Es una cámara nueva de Sony, alfa 99 se llama, que salió en el otoño y tiene unas características de profesional. Por desgracia el precio y las unidades disponibles están es polos opuestos: caro y pocas.

----------


## tescelma

> Al mío lo han detenido por lo menos durante seis meses.
> La Sony que esperaba se ha quedado con Baltasar hasta el verano.


Vaya maquinorro, si me invitas a un café te la cambio por la mía (no me importa esperar hasta verano)  :Big Grin:   :Big Grin:   :Big Grin:

----------


## perdiguera

> Vaya maquinorro, si me invitas a un café te la cambio por la mía (no me importa esperar hasta verano)

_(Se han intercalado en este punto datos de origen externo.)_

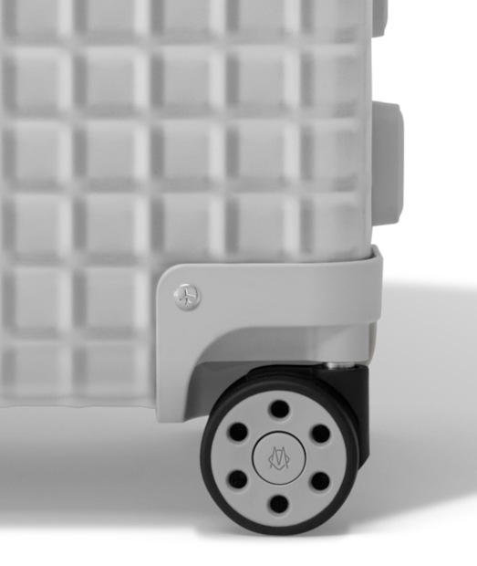 Dieses von RIMOWA als Erste entwickelte hochwertige System garantiert eine stabile und mühelose Steuerung dank der auf Kugellager montierten Rollen mit gefederten Achsen.

Pues llegará en el verano si puedo ahorrar para la fianza de Baltasar, aunque el niño ha ayudado algo no es bastante.

----------


## tescelma

> Nos han traido casi lo mismo. A mi me trajeron la Canon EOS 650D (Es un modelo un pelín mas nuevo que el tuyo) pero aún así, la 600D sigue siendo un gran regalo. Disfruta de la cámara como haré yo con la mía.
> ...
> 
> Saludos Cordiales


Pues estuve mucho tiempo pensando si merecía la pena pagar más por la 650D, al final no llegué a ninguna conclusión y opté por la 600D por cuestiones monetarias  :Frown: . Ahora casi me arrepiento, aunque el tema económico era un hándicap importante. La primera decepción me la llevé cuando fui a grabar vídeo y me di cuenta que no tiene enfoque continuo como la 650D. En fin, habrá que acostumbrarse al enfoque manual o tomas fijas, sin que el objeto se desplace demasiado, no se, ya iré probando. Aunque la verdad es que, aunque la quiero más para fotos que para vídeo, elegí ésta porque hacía vídeos FullHD progresivo.

Hasta ahora solo he realizado una tanda de fotos de interés, que son las que colgué en el hilo de Ricobayo (embalse bajo 2012): http://foros.embalses.net/showthread...icobayo/page10. La verdad es que como era mi primer contacto con una reflex digital, tiré cuatro fotos por toma con parámetros diferentes (Auto+, CA, P y Av) en jpg (todavía no me he metido con el raw); y hay una diferencia tremenda, al final me quedé con las de Av.

Bueno, ya me contarás como te va con la 650D para que se me caiga la baba al igual que el "maquinoro" de perdiguera, la has visto?.

SALUDOS

SALUDOS y a tirar fotos sin parar

----------